Exercise details: Down to the final line, write out the material beneath exactly, without pictures.

Source data:
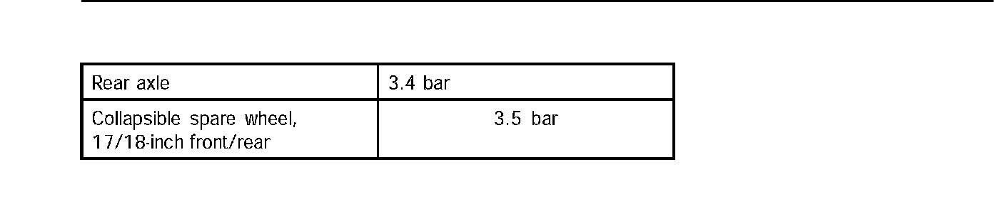 The spare wheel on the carrier is inflated to 3.4 bar gauge pressure max. During operation, tires are to be adjusted to the gauge pressure specified for the particular vehicle axle and load condition.
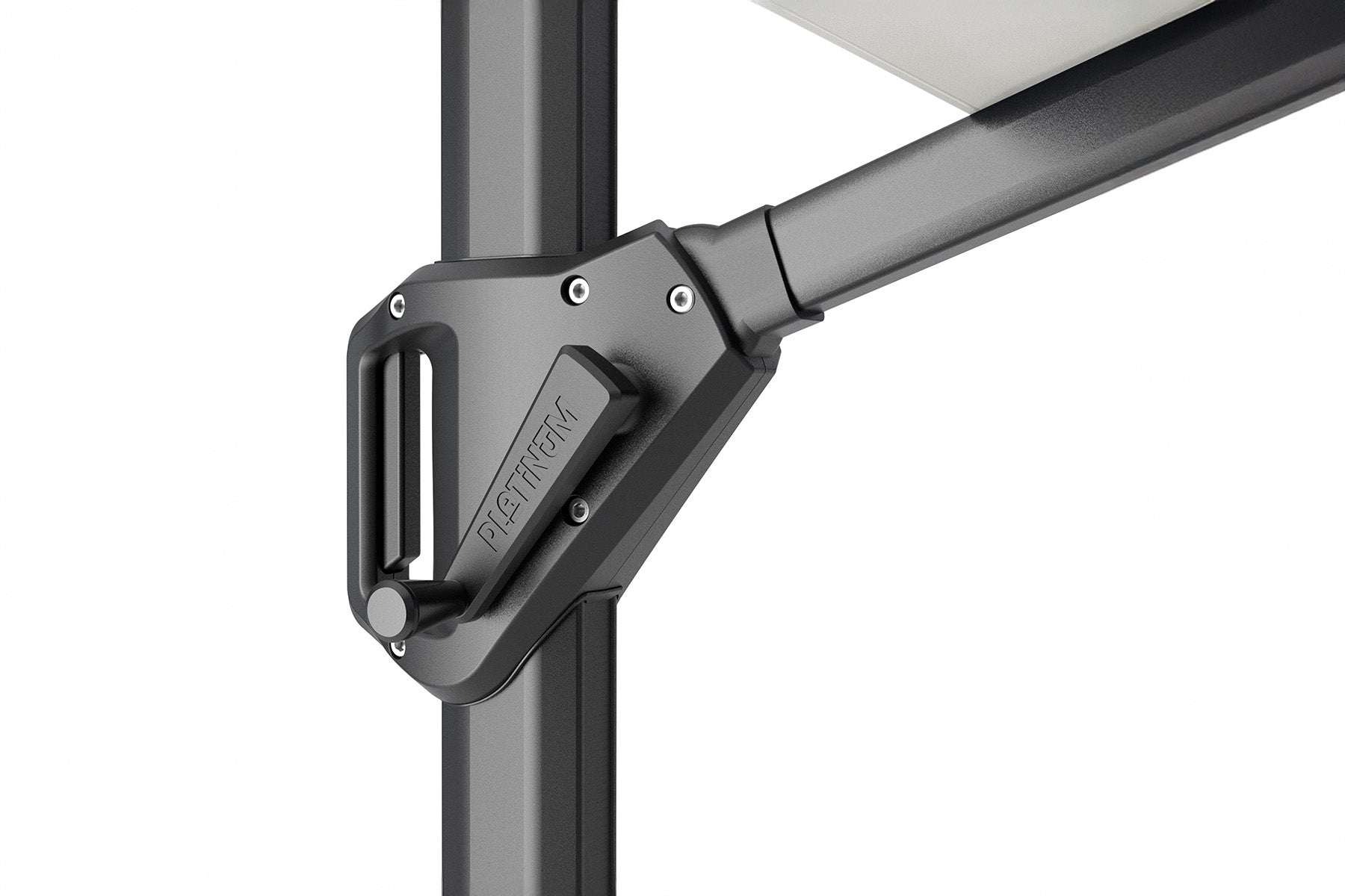 De Platinum Challenger Zweefparasol T1 Premium 4x3 m. in champagne biedt stijlvolle schaduw. Het luxe champagnekleurige doek beschermt tegen de zon, terwijl de stevige constructie en draaimechanisme zorgen voor optimale schaduw zonder gedoe!
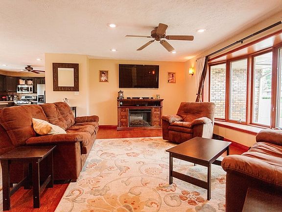Cannon Ball into this 3 bedroom, 2.5 bath country ranch! 4012 Sunset Lane comes complete with an updated kitchen with stainless steel appliances, updated bathrooms & flooring. Open concept living room, dining room & kitchen. A half finished basement gives you desirable additional square footage. Rooms are set for you to mount your flat screens. As good as the interior is, the exterior is better. Situated on over half an acre complete with irrigation system, beautiful deck, pool, and stocked koi pond. Detached garage with roll up door for storage of lawn & pool equipment with half bath. If you hurry now the you'll be in the pool by Summer! Welcome to 4012 Sunset Lane. Schedule your showing today!
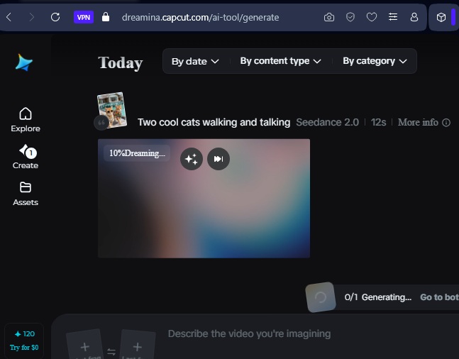 1. Navigate to https://dreamina.capcut.com/ in Opera with VPN enabled

Task solution:
 The spare wheel on the carrier is inflated to 3.4 bar gauge pressure max. During operation, tires are to be adjusted to the gauge pressure specified for the particular vehicle axle and load condition.
 De Platinum Challenger Zweefparasol T1 Premium 4x3 m. in champagne biedt stijlvolle schaduw. Het luxe champagnekleurige doek beschermt tegen de zon, terwijl de stevige constructie en draaimechanisme zorgen voor optimale schaduw zonder gedoe!
Cannon Ball into this 3 bedroom, 2.5 bath country ranch! 4012 Sunset Lane comes complete with an updated kitchen with stainless steel appliances, updated bathrooms & flooring. Open concept living room, dining room & kitchen. A half finished basement gives you desirable additional square footage. Rooms are set for you to mount your flat screens. As good as the interior is, the exterior is better. Situated on over half an acre complete with irrigation system, beautiful deck, pool, and stocked koi pond. Detached garage with roll up door for storage of lawn & pool equipment with half bath. If you hurry now the you'll be in the pool by Summer! Welcome to 4012 Sunset Lane. Schedule your showing today!
 1. Navigate to https://dreamina.capcut.com/ in Opera with VPN enabled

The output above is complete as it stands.